Bir çobanla bir koyun arasındaki fark neyse, evliya zatla, sıradan bir Müslüman arasındaki fark da odur. Koyun, çobanın hâlinden ne anlar? O hâlde koyun çobanı gütmez, çobana tâbi olur.

Bir gün, Seyyid Abdülhakîm-i Arvâsî hazretlerini ziyarete gelen çok zeki ve kabiliyetli biri, sohbet esnasında, (Efendim, benim mürşidim öyle olmalı ki, bana büyük bir hız, büyük bir enerji vermelidir) der.
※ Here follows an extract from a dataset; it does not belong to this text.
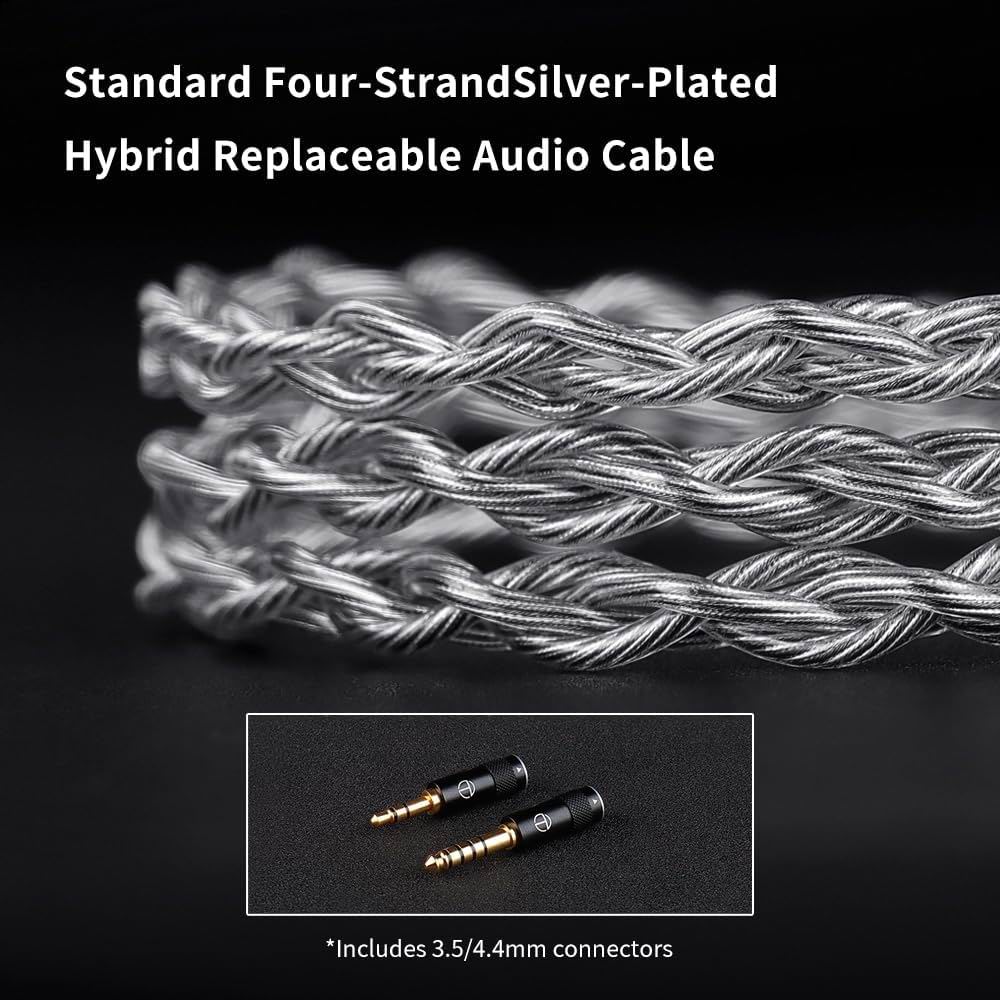 - Преміальний кабель: Чотирьохжильний посріблений кабель з безкисневої міді та срібла покращує передачу високих частот, знижуючи спотворення та забезпечуючи багате звучання.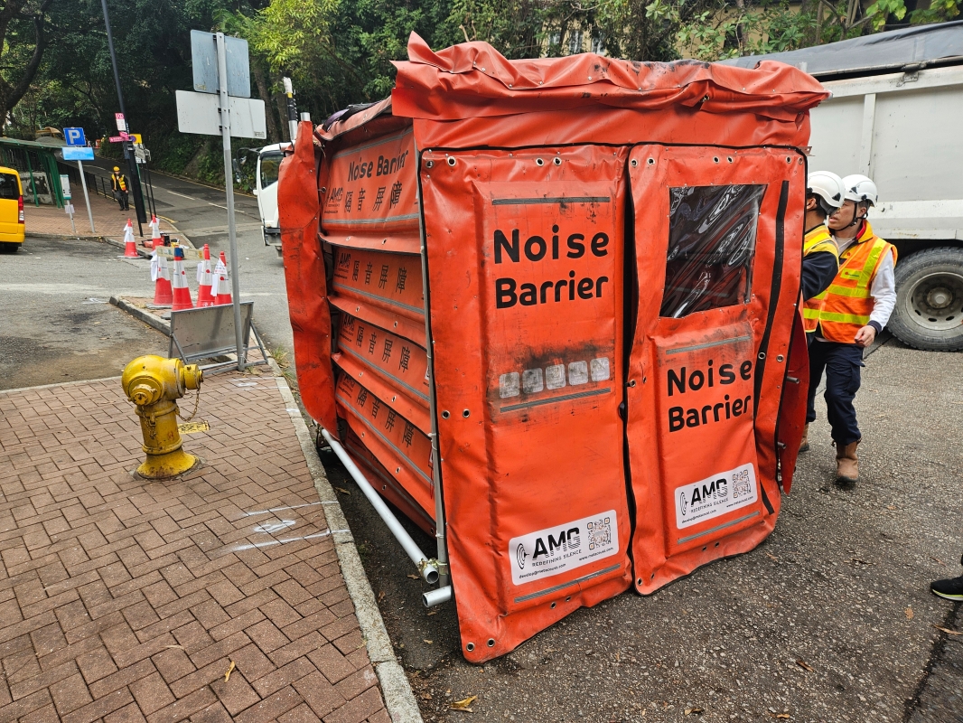 該段約300米長的道路於2月1日(星期日)從上午8時至晚上10時完成相關工作,包括刨去路面舊瀝青、打鑿、清理、重鋪及壓平等,施工一整天後於晚上10時重開有關路段,相比原先需要三晚完成,提升效率之餘亦減少連續數天影響居民作息。此外,聲學超材料隔音罩較傳統的隔音罩輕巧,易於移動,而其三面百葉的設計亦能確保良好的通風,保障工人的健康安全,並顯著改善施工環境。

Abdülhakîm-i Arvâsî hazretleri, (Ne yapacaksın o enerjiyle?) buyurur. O kimse de, (İslam bayrağını Anadolu’ya, Avrupa’ya, Amerika’ya, Asya’ya dikeceğim) der. Abdülhakîm-i Arvâsî hazretleri de cevaben, (Çok yazık, demek ki sen mürşid-i kâmil aramıyorsun, merkep arıyorsun. Merkep niçin kullanılır? Ya üzerine binersin veya yükünü taşıtırsın. Mürşid aramaktan maksat, iradesini, onun iradesine teslim etmektir. Sen kendi iradeni yüklenecek bir merkep arıyorsun, kusura bakma, bizde öyle bir merkep yok. Bir mürşid bulunca ona teslim olunur; bayrağı dik derse dikilir, bayrağı şimdilik sakla derse saklanılır) buyurur.

Kişi kendi iradesinden vazgeçerse, yani ölü gibi olursa ancak olgunlaşır. Eğer diriyse, kendinde bir varlık hissederse asla istifade edemez.